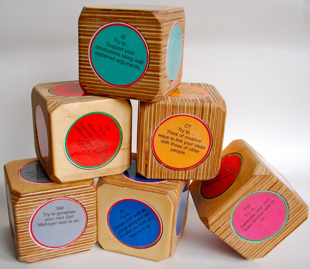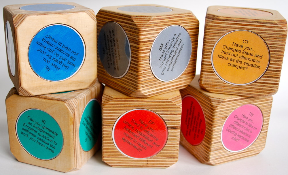 The dice are designed as one per PLTS, in two versions, one set is to be used reflectively with the prompt of ‘Have you…’ and the other set is to set PLTS targets ‘Try to…’. They are made out of wood and are, in themselves, things of beauty! The swatch cards are for teachers to refer to when they are observing learning, to support the integration of PLTS language and the cards are for learners to use to reflect and develop the PLTS as a shared language for learning. We’ll be road-testing them all with our project teams of Confident Communicators on Thursday, when we’re holding the Presentation Day for the project. The day is being run alongside an LA AfL teacher conference, and the teachers will attend some of the presentations as a CPD workshop to have a go at observing the PLTS in action using ‘Observing Learning’ techniques we’re developing.
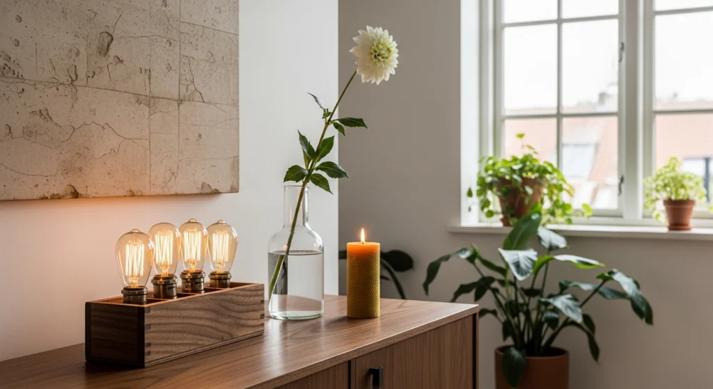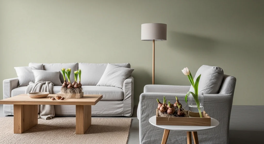 A noticeable transformation doesn’t require a total overhaul; it relies on “Zero-Waste Geometry” and intentional swaps that alter the room’s energy. Replace the heavy winter candles with slow-burning beeswax pillars and trade dark stoneware for clear glass and light-oak trays. These simple changes allow the spring light to pass through objects rather than being absorbed by them, instantly lightening the “Visual Volume” of the space. On the coffee table, a wooden box of specialized bulbs and a glass half-filled with water with a single flower serve as a minimalist focal point. These swaps reflect a high-end designer’s eye, focusing on the quality of light and the honesty of materials to signal the change of season.
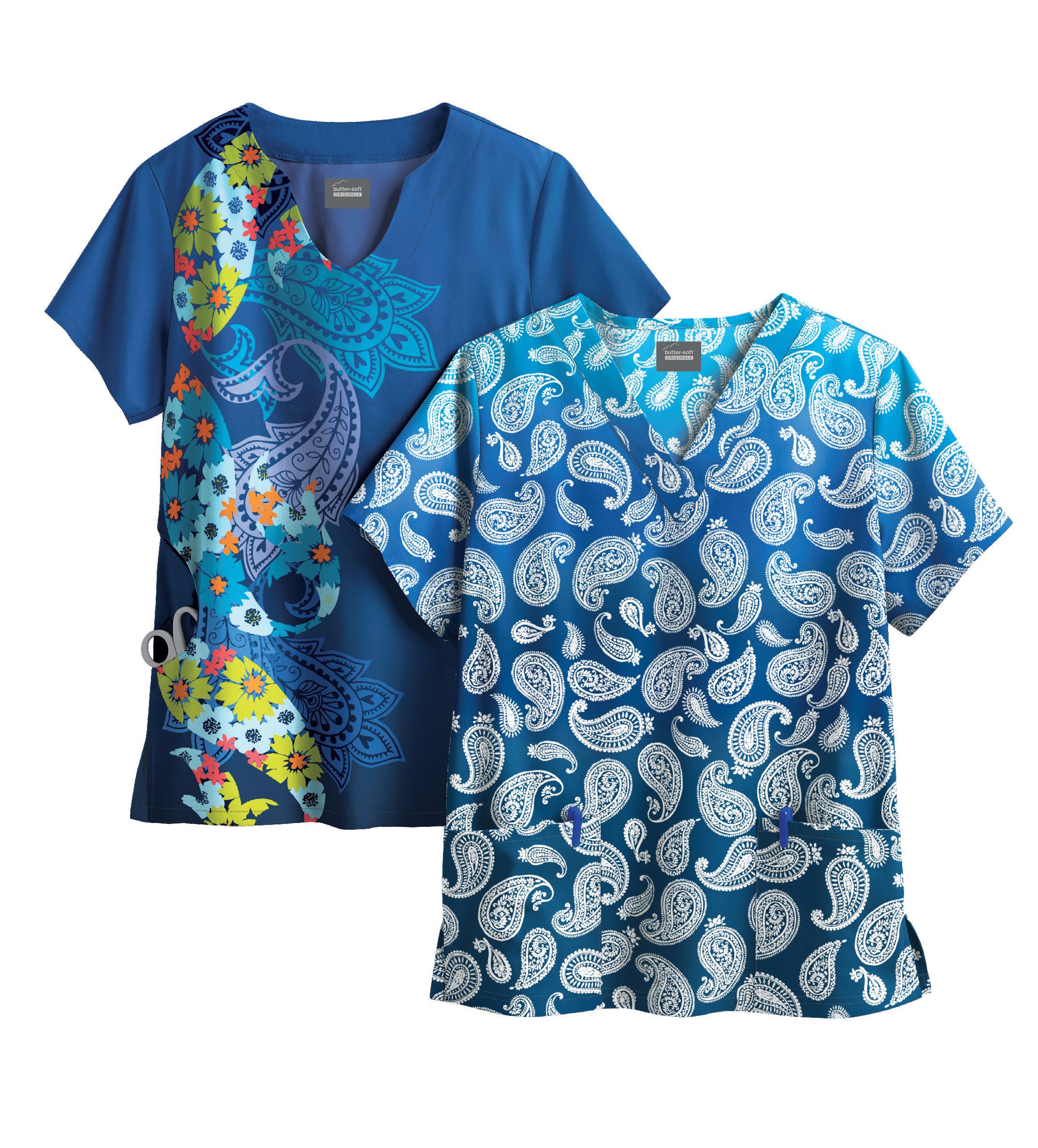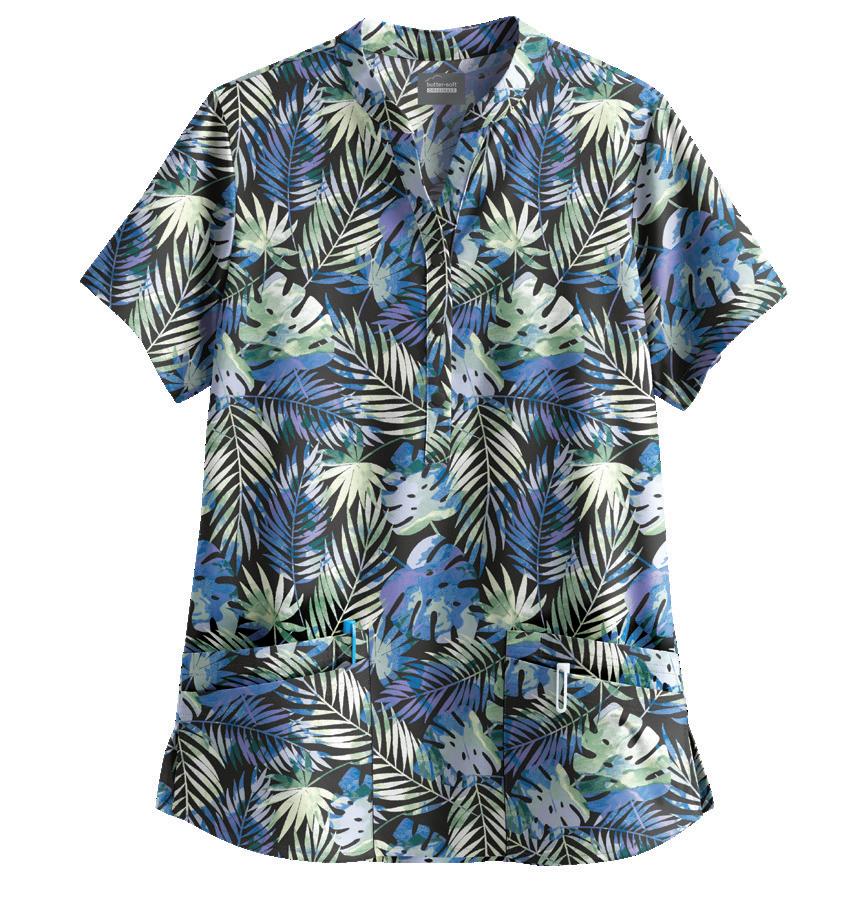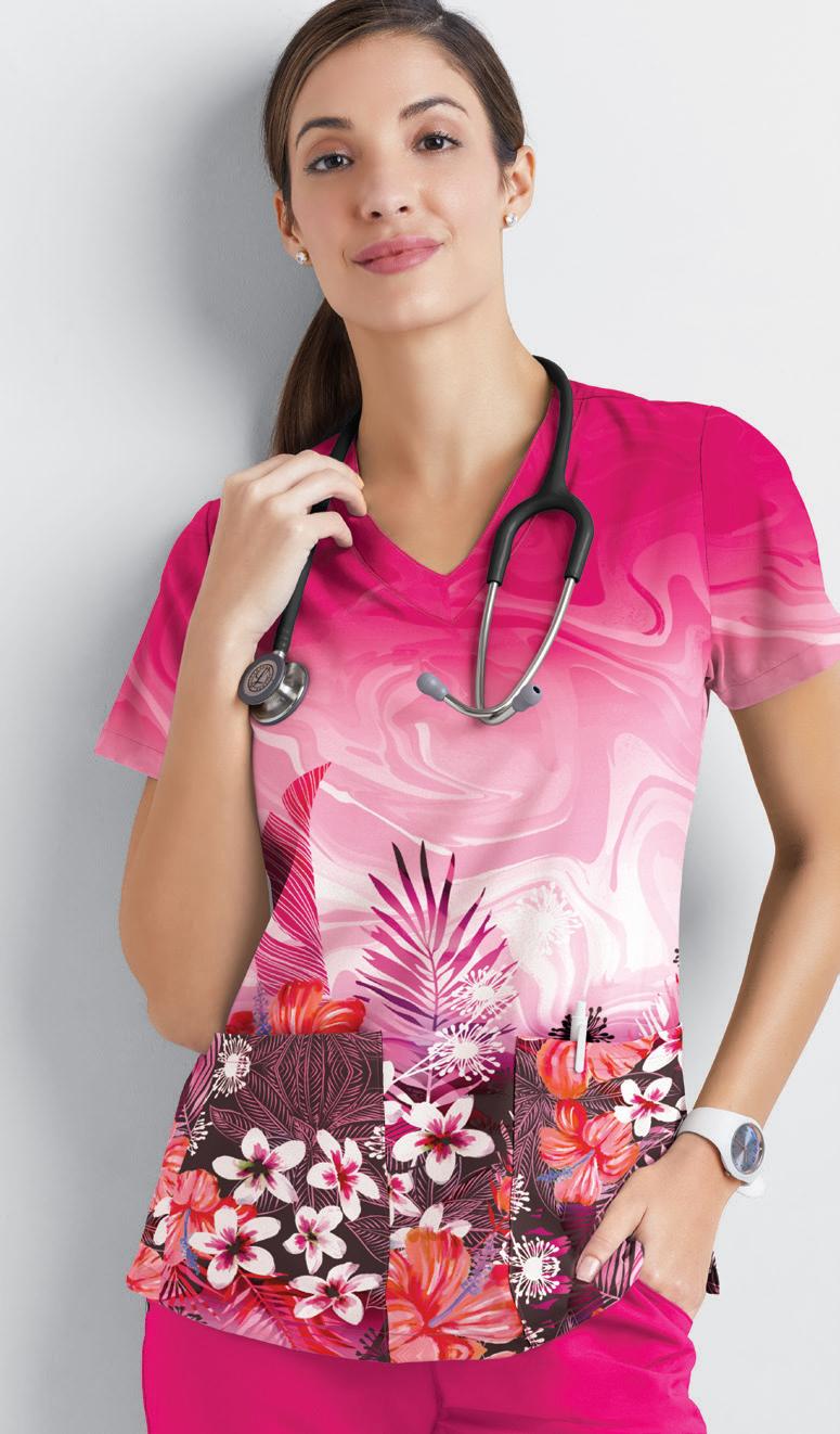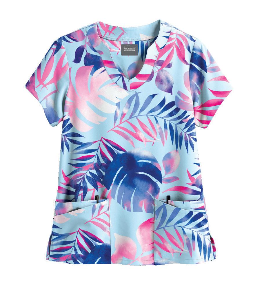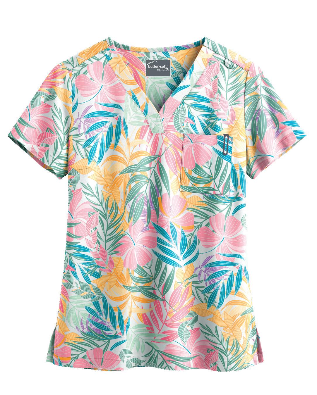 B. TROPICAL MIX WHITE TOP SALE Modern fit, 1 pocket, V-neck, tuck-in, back darts, bust darts, ID loop. Coordinates with Guava Fizz, Apricot Sunset, Orchid, Eucalyptus Leaf, Water Mint, Teal, and White. TS452 TMWT X XS-5X $22.99-$27.99 XXS-XL $18.39 , 2X-3X $20.79, 4X-5X $22.39

----

WHAT THE TASK ASKS
What is needed here is an exact repetition of the listing above, pictures excluded.

EXERCISE ANSWER
 The dice are designed as one per PLTS, in two versions, one set is to be used reflectively with the prompt of ‘Have you…’ and the other set is to set PLTS targets ‘Try to…’. They are made out of wood and are, in themselves, things of beauty! The swatch cards are for teachers to refer to when they are observing learning, to support the integration of PLTS language and the cards are for learners to use to reflect and develop the PLTS as a shared language for learning. We’ll be road-testing them all with our project teams of Confident Communicators on Thursday, when we’re holding the Presentation Day for the project. The day is being run alongside an LA AfL teacher conference, and the teachers will attend some of the presentations as a CPD workshop to have a go at observing the PLTS in action using ‘Observing Learning’ techniques we’re developing.
 A noticeable transformation doesn’t require a total overhaul; it relies on “Zero-Waste Geometry” and intentional swaps that alter the room’s energy. Replace the heavy winter candles with slow-burning beeswax pillars and trade dark stoneware for clear glass and light-oak trays. These simple changes allow the spring light to pass through objects rather than being absorbed by them, instantly lightening the “Visual Volume” of the space. On the coffee table, a wooden box of specialized bulbs and a glass half-filled with water with a single flower serve as a minimalist focal point. These swaps reflect a high-end designer’s eye, focusing on the quality of light and the honesty of materials to signal the change of season.
 B. TROPICAL MIX WHITE TOP SALE Modern fit, 1 pocket, V-neck, tuck-in, back darts, bust darts, ID loop. Coordinates with Guava Fizz, Apricot Sunset, Orchid, Eucalyptus Leaf, Water Mint, Teal, and White. TS452 TMWT X XS-5X $22.99-$27.99 XXS-XL $18.39 , 2X-3X $20.79, 4X-5X $22.39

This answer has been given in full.